La inflación moral de la R. Dominicana
Uno se asombra todavía de que no quede hacia dentro del PLD una pizca de la dignidad que Juan Bosch suponía debía tener un partido, y que la corrupción de ese conglomerado sea parte de la inflación moral en que vivimos; porque la modificación del párrafo III del artículo 85 del Código procesal penal es un insólito despliegue del descaro y la prepotencia, y una forma brutal de clavarnos como país en lo impensable.
Se pretende despojar al ciudadano de su calidad para querellarse ante la justicia por los actos de corrupción de los funcionarios públicos; de modo que, si el Presidente Danilo Medina la promulga, sólo ellos mismos, los peledeístas que gestionan el aparato del Estado, se podrán acusar entre sí. Sin dudas, el manto de impunidad más tupido de toda la larga historia de la corrupción.
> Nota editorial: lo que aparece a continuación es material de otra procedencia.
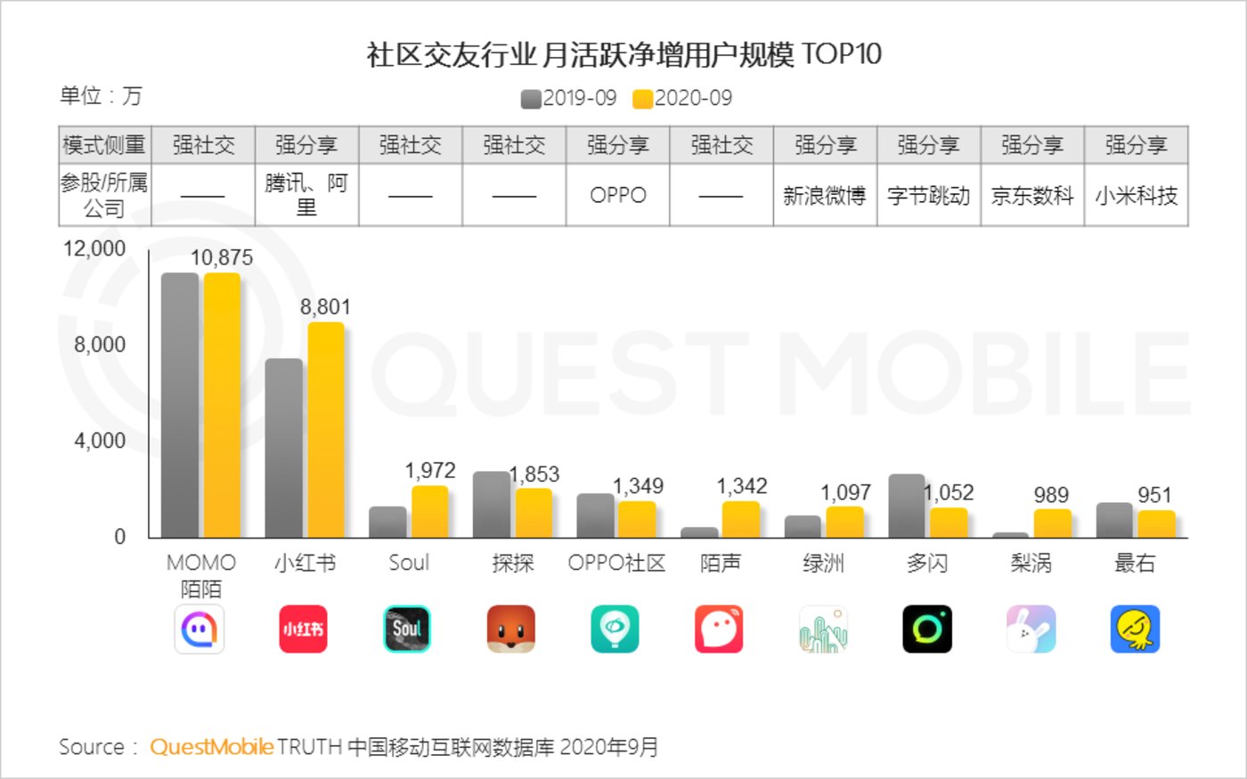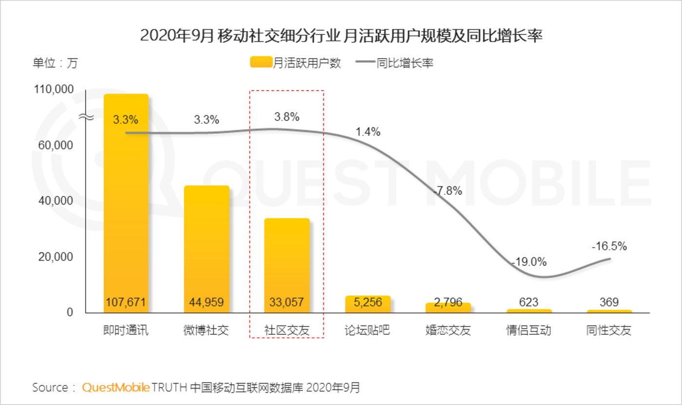 移动社交行业增长逐步趋于稳定,其中社区交友行业增长相对较为突出

El grado más alto de la concepción patrimonial del estado que ha cabalgado en nuestra historia. El nivel más elevado de práctica de la corrupción proclamado sin ningún sonrojo. El Estado como botín, el despojo de la riqueza social cual si el partido gobernante tuviera derechos extraordinarios de apropiación de los fondos de la nación, sin un régimen de consecuencias.
Cuando hablamos de corrupción denominamos una práctica que se ha perpetuado en la política dominicana conformando un sistema, y cuya acumulación originaria de capital tiene como fuente el erario. Se ha repetido tanto en la historia dominicana, que el imaginario popular la ha fijado como algo “natural”, como una esencia de la dominicanidad; siendo, como es, un orden histórico particular de la práctica política que la legitima con un manejo del poder. La corrupción no es una maldad de origen, sino un vastísimo sistema circulatorio, una enorme palanca de movilidad social, ante cuyo funcionamiento el poder es como el susurro de las escamas del réptil.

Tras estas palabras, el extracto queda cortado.